L’uomo di Rousseau è tutto perfetto nella sua solitudine. Con il rigetto del Genesi, l’uomo e la donna non hanno titolo di somiglianza né ragione oggettiva di istituire tra loro una stabile compagnia. Contro la densità relazionale del Genesi: “Per questo l’uomo abbandonerà suo padre e sua madre e si unirà a sua moglie e i due saranno una sola carne” (Gn 2, 24), i maschi filosofi dei “lumi” che teorizzano l’umano in un quadro decisamente anti-biblico hanno difficoltà a pensare uomo e donna in un rapporto relazionale di alleanza ontologica e di amicizia paritaria [20].

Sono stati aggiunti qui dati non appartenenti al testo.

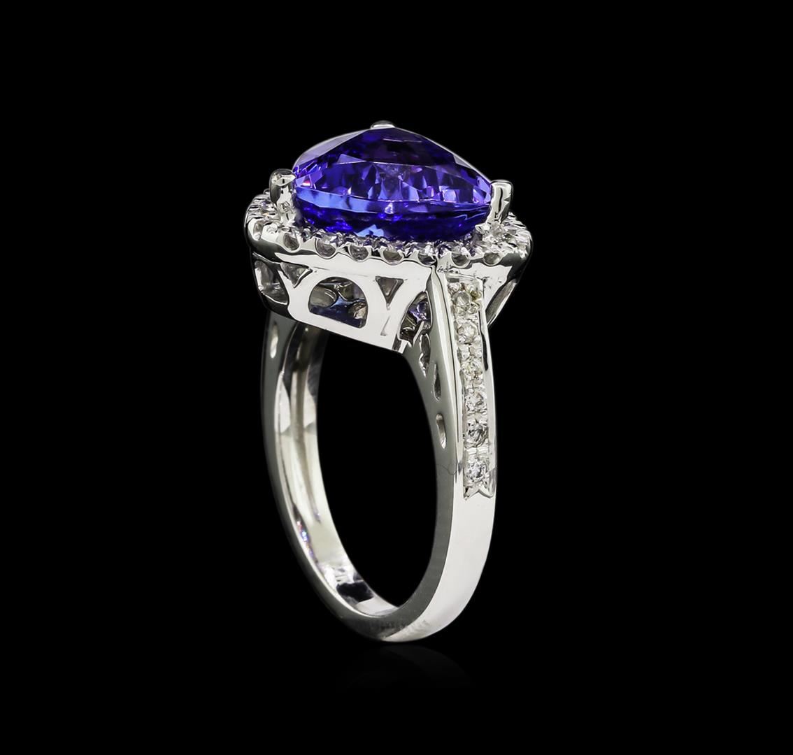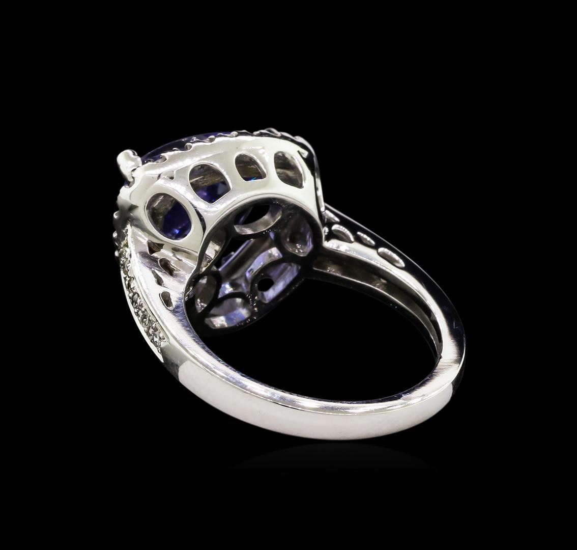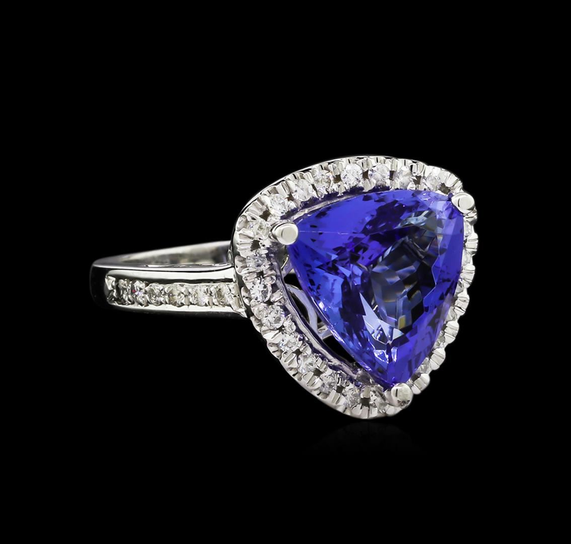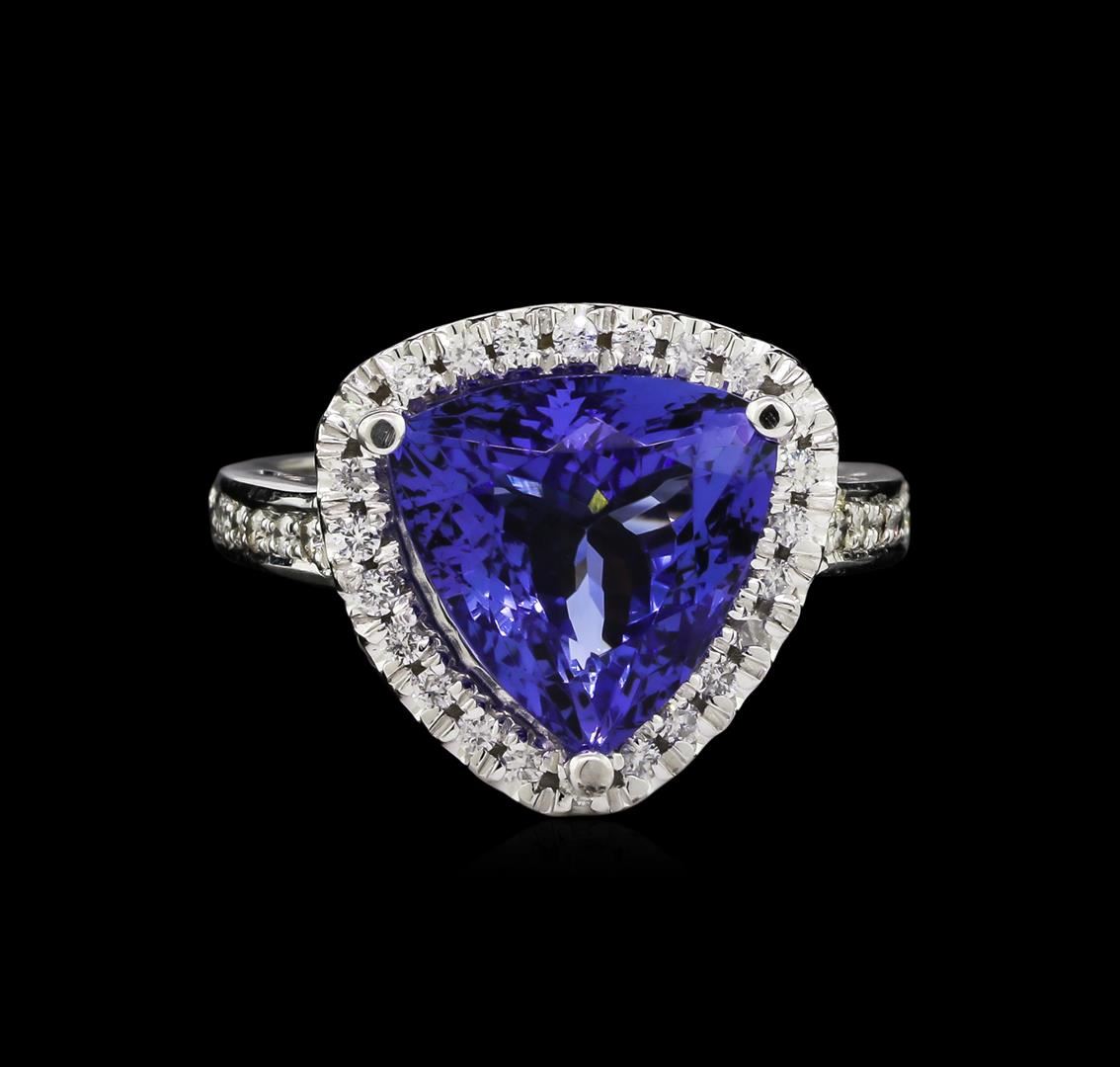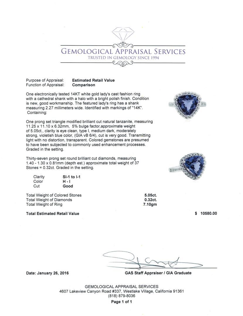 One electronically tested 14KT white gold lady's cast fashion ring with a cathedral shank with a halo with a bright polish finish. The featured lady's ring has a shank measuring 2.27 millimeters wide. Identified with markings of "14K". Condition is new, good workmanship. Containing: One prong set triangle modified brilliant cut natural tanzanite, measuring 11.25 x 11.10 x 6.32mm, 5%. bulge factor, approximate weight of 5.05ct., clarity is eye clean, type I, medium dark, moderately strong, violetish blue color, (GIA vB 6/4), cut is very good. Transmitting light with no distortion, transparent. Colored gemstones are presumed to have been subjected to commonly used enhancement processes. Graded in the setting. Thirty-Seven prong set round brilliant cut diamonds, measuring 1.40 - 1.30 x 0.81mm (depth est.) approximate total weight of 37 Stones = 0.32ct. Graded in the setting. Clarity: SI-1 to I-1. Color: H - I. Cut Good. Total Weight of Colored Stones 5.05ct. Total Weight of Diamonds 0.32ct. Total Weight of Ring 7.10gm. GAS Appraised at $10,580.00.

Diderot usa una formula impressionante, che esprime in modo radicale la rottura dello spirito dei “lumi” con l’antropologia cristiana: “L’homme n’est peut-être que le monstre de la femme, ou la femme le monstre de l’homme” [21]. Osserva Martin che tale formula è la versione massimalista del rifiuto della Bibbia relativamente alla tessitura fondamentale della coppia umana [22].

6. La relazione tra uomo e donna ridotta a rapporto di forza.

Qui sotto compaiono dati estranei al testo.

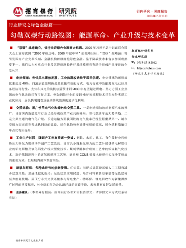 【招商银行】【20230713】行业研究之绿色金融篇——勾勒双碳行动路线图:能源革命、产业升级与技术变革-29页 行业研究
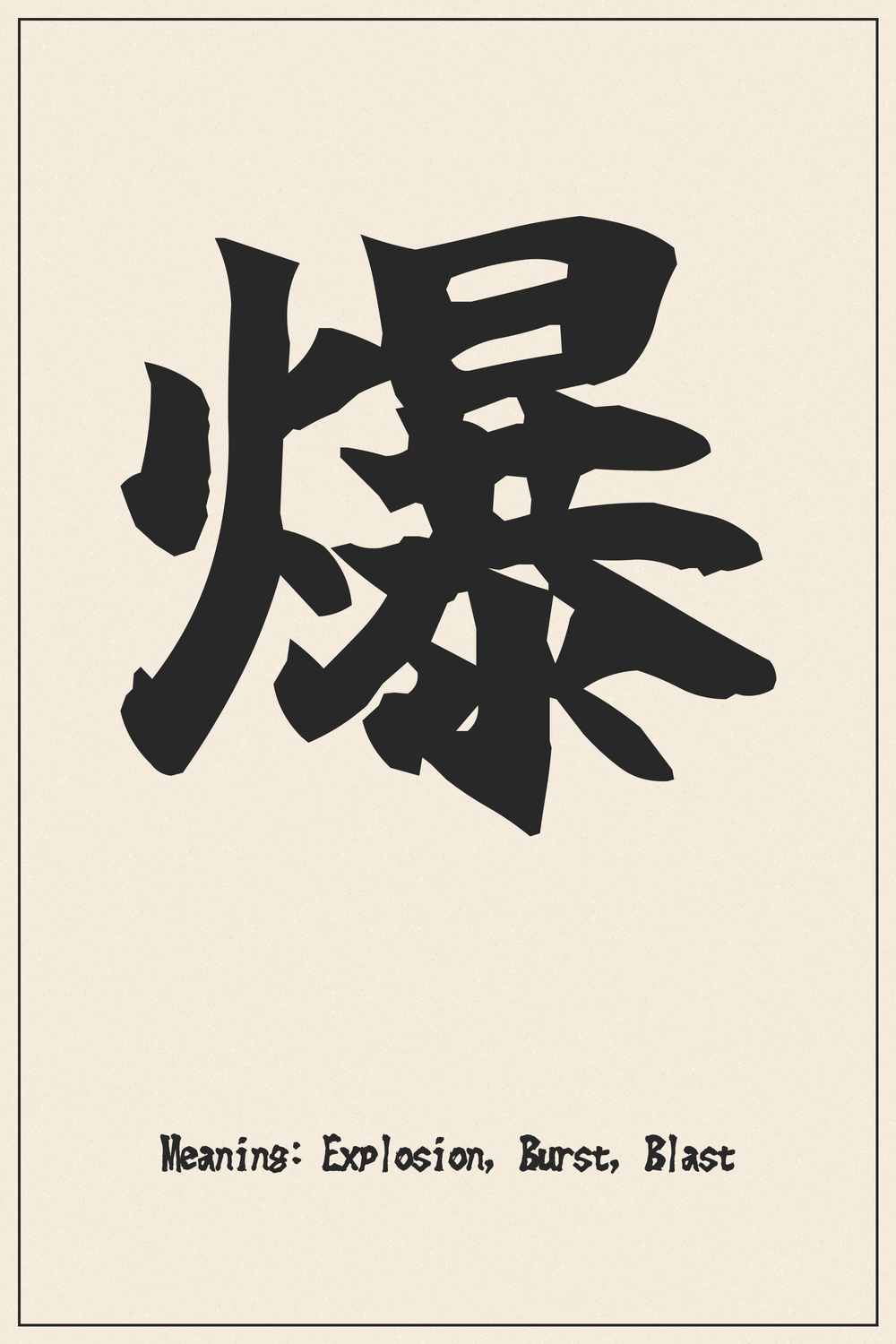The kanji 爆 encapsulates a moment of raw, unbridled energy, representing explosions and sudden, powerful bursts. It is a symbol of dynamic force and impactful change, resonating with themes of intense power.

La rottura dell’immagine biblica archetipica dell’alleanza ontologica riduce la relazione uomo-donna a un rapporto di forza. L’aspetto sessuale, che resta predominante e quasi esclusivo, una volta cacciati via i profili spirituali e sentimentali dell’esistenza, viene ordinariamente espresso nei termini polemologici di attacco maschile e di difesa femminile e, conseguentemente, di vittoria per il primo e disfatta per la seconda.

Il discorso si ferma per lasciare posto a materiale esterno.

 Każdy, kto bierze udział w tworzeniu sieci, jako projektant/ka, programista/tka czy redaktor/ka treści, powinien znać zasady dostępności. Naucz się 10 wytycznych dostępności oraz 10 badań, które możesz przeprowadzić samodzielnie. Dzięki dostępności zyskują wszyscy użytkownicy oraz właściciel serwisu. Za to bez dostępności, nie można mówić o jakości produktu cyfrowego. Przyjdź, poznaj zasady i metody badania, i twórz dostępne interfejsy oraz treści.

Anche a questo riguardo Diderot esercita il ruolo di maestro: “Le coeur de l’homme ne frissonne point; ses sens commandent et il obéit. Les sens de la femme s’expliquent, et elle craint de les écouter. C’est l’affaire de l’homme que de la distraire de sa crainte, de l’enivrer et de la séduire. L’homme conserve toute son impulsion naturelle vers la femme: l’impulsion naturelle de la femme vers l’hommne, dirait un géomètre, est en raison composée de la directe de la passion et de l’inverse de la crainte, raison qui se complique d’une multitude d’éléments divers dans nos sociétés, éléments qui concourent presque tous à accroître la pusillanimité d’un sexe et la durée de la poursuite de l’autre. C’est une espèce de tactique où les ressources de la défense et les moyens de l’attaque ont marché sur la même ligne” [23].

Helvétius non potrebbe essere più esplicito: egli teorizza, sul rilievo che la ragione non può alterare la bontà dell’istinto, che la caccia della donna assomiglia a quella della selvaggina: “La chasse des femmes comme celle du gibier, doit être différente selon le tems qu’on veut y mettre” [24].

La relazione tra l’uomo e la donna è ridotta al profilo organico e inclina verso la brutalità. Si troveranno le tracce di questa concezione nelle discussioni sul Codice Civile voluto da Napoleone. Nel marzo 1803 al Tribunato, durante la sessione sul divorzio, Savoye-Rollin dirà: “[D]ans cet état grossier de nature ou l’on va chercher les plus vives notions du droit naturel, la faiblesse d’un sexe ne pouvait rien opposer à la brutalité de l’autre: celui-ci trouvait ses droits dans l’effronterie même de ses désirs, et leur sanction dans la puissance de les satisfaire” [25].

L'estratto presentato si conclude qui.